The pivotal distinction between the Shareholders' and Partnership Agreements, and the Management Agreement, which vested managerial authority in the plaintiffs, is that the former contains an arbitration clause whereas the latter expressly does not. Moreover, the Management Agreement included additional parties, and did not reference the Shareholders' Agreement. The various agreements executed by the parties are not "so inextricably interwoven" as to render the arbitration clause contained in the Shareholders' Agreement applicable to the Management Agreement (see, Matter of Calvin Klein Co. [Minnetonka, Inc.], 88 A.D.2d 503, 504). Rather, the respective agreements are mutually exclusive and unrelated, and an agreement to arbitrate must not depend upon implication or subtlety (Matter of Waldron [Goddess], 61 N.Y.2d 181, 183-184).

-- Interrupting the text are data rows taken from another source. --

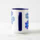 Des flocons de neige 3d dans les bleus foncés et clairs, blancs et gris, ornent cette tasse.
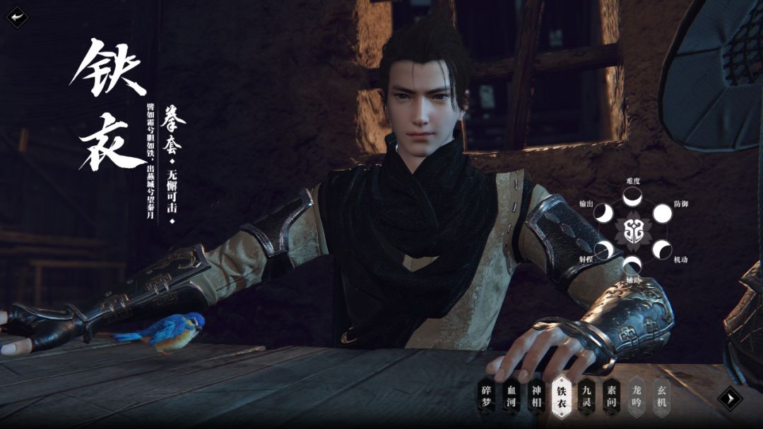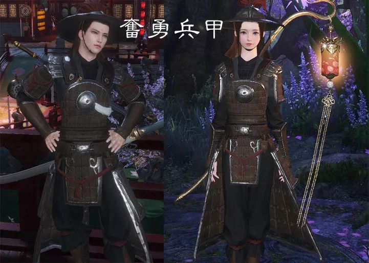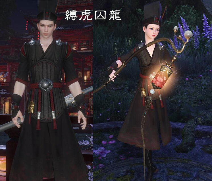门派外观 看完角色选择界面,接着带大家看看【角色制作】界面中的门派外观!目前一个门派各有两套外观。 【铁衣】,游戏内唯一MT,以铠甲为主。主要色调是橙色。 【血河】,近战之一,也是以麒麟铠甲为主,主要色调红色。 【碎梦】,近战之一,特有的披风是不是显得更酷一点?主要色调褐色。 【神相】,远程输出之一,两鬓有须须,服饰以交领襦裙为主,再加上衣服上的竹子元素和武器长琴,妥妥的竹林雅士风!!门派色调丹青色,(???) 男 女 【九灵】,远程输出之一,苗疆异域高冷御姐风,门派色调以紫色为主。 【素问】,唯一治疗,清新淡雅的妆容搭配素雅的嫩青色,广大妹子玩家的福音!!! 看完门派特色服饰,咱们来看看游戏内的商城服饰又有什么不同。
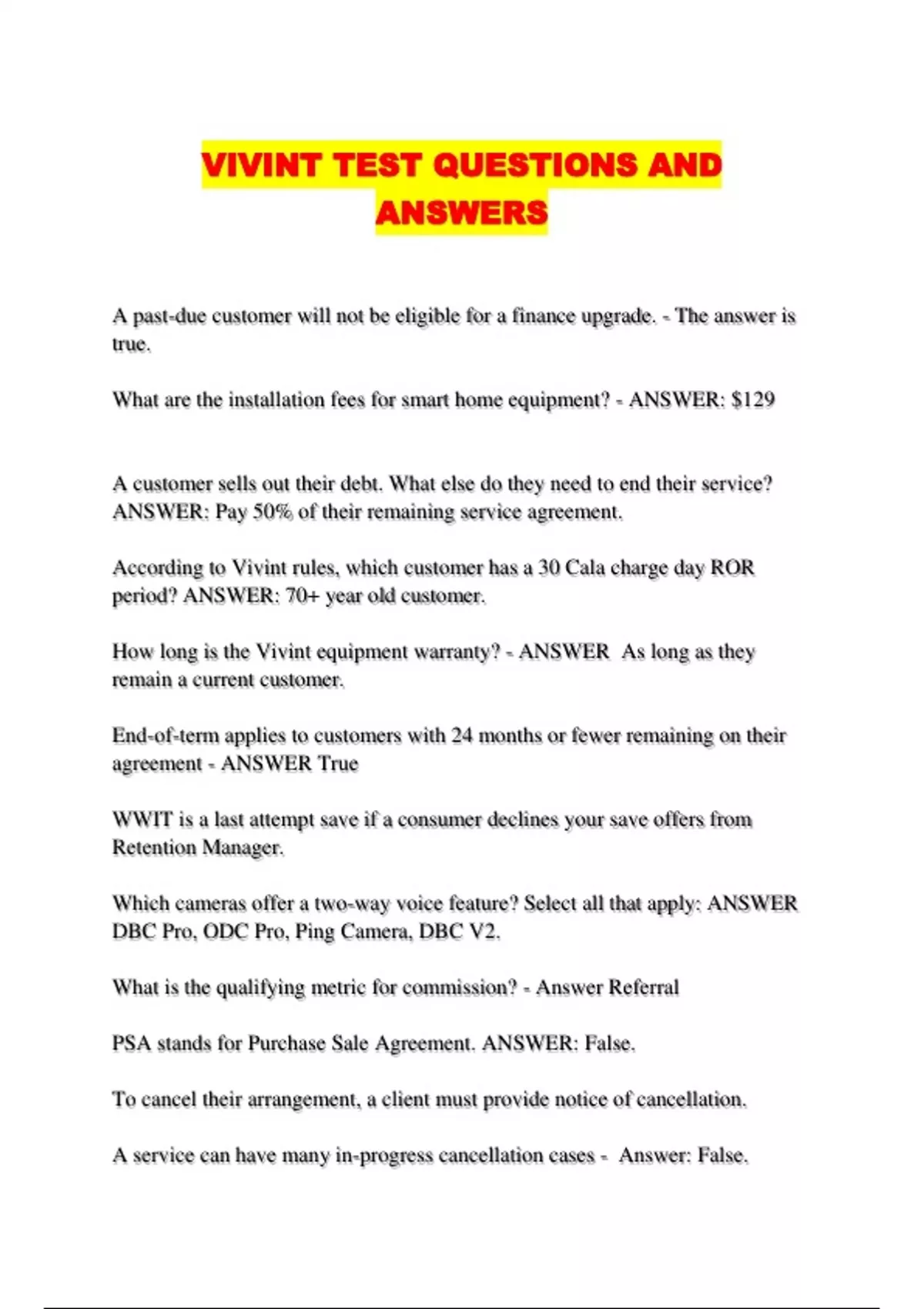 VIVINT TEST QUESTIONS AND
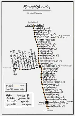Work on the standard gauge line from Kunming, China to Kyaukphyu started in 2021, with a station at Mandalay. Work was resumed in 2023. [13]
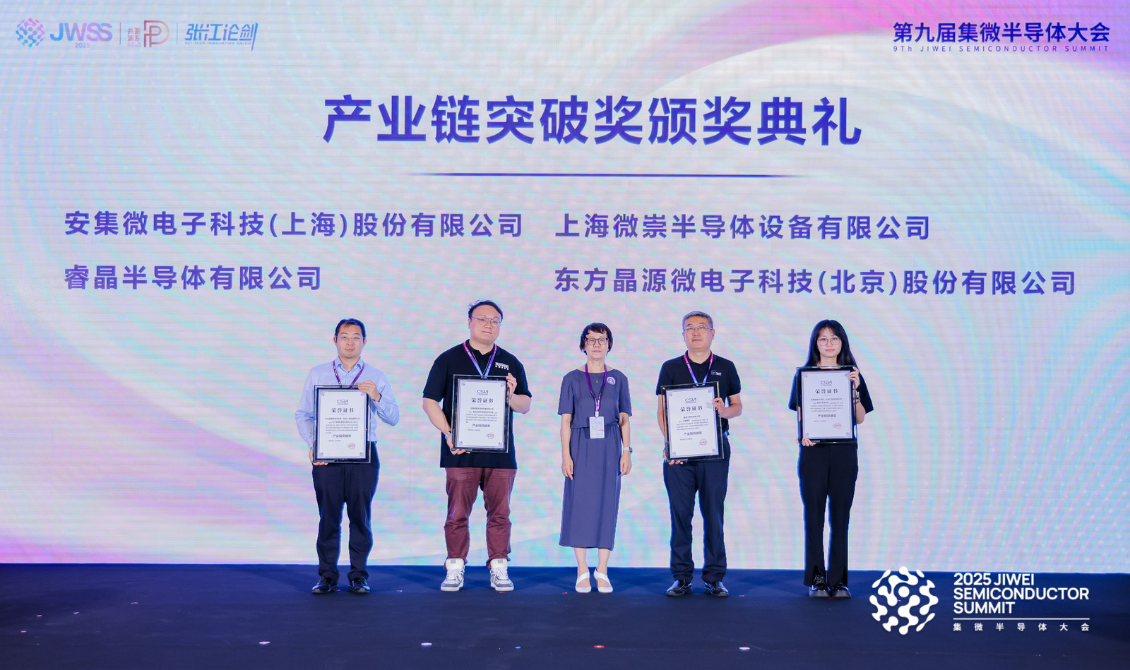 “主旨演讲+圆桌讨论+颁奖典礼+闭门午宴”的办会形式,令第三届集微半导体制造峰会极为吸睛。会议期间,为表彰过去一年在设备、材料及半导体制造上下游各环节实现技术突破,成功解决关键技术难题,推动产业链自主可控发展的优秀企业,经半导体投资联盟成员单位在内的评委会审议,安集微电子(高端半导体材料) 、睿晶半导体(光掩模版)、微崇半导体(全自动超声波缺陷检测设备)、东方晶源(电子束缺陷复检设备SEpA-r655)一举摘得“产业链突破奖”!

Defendants' blocking of the corporate accounts constituted an irreparable injury and warranted the grant of the preliminary injunction (see, Interfaith Med. Ctr. v Shahzad, 124 A.D.2d 557; 7A Weinstein-Korn-Miller, N Y Civ Prac ¶ 6301.13). The court properly having balanced the equities with the standard of fiduciary duties (see, Rapoport v Schneider, 29 N.Y.2d 396, 400, 403), it cannot be said that the court abused its discretion in fixing the amount of the undertaking (Congress Talcott Corp. v Pacemakers Trading Corp., 161 A.D.2d 554; 7A Weinstein-Korn-Miller, N Y Civ Prac ¶ 6312.11). In conclusion, defendants, by initially cross-moving for arbitration, obviated the service provisions of CPLR 7503 (c) (County of Sullivan v Edward L. Nezelek, Inc., 42 N.Y.2d 123, 126-127).
Concur — Sullivan, J.P., Carro, Wallach and Rubin, JJ.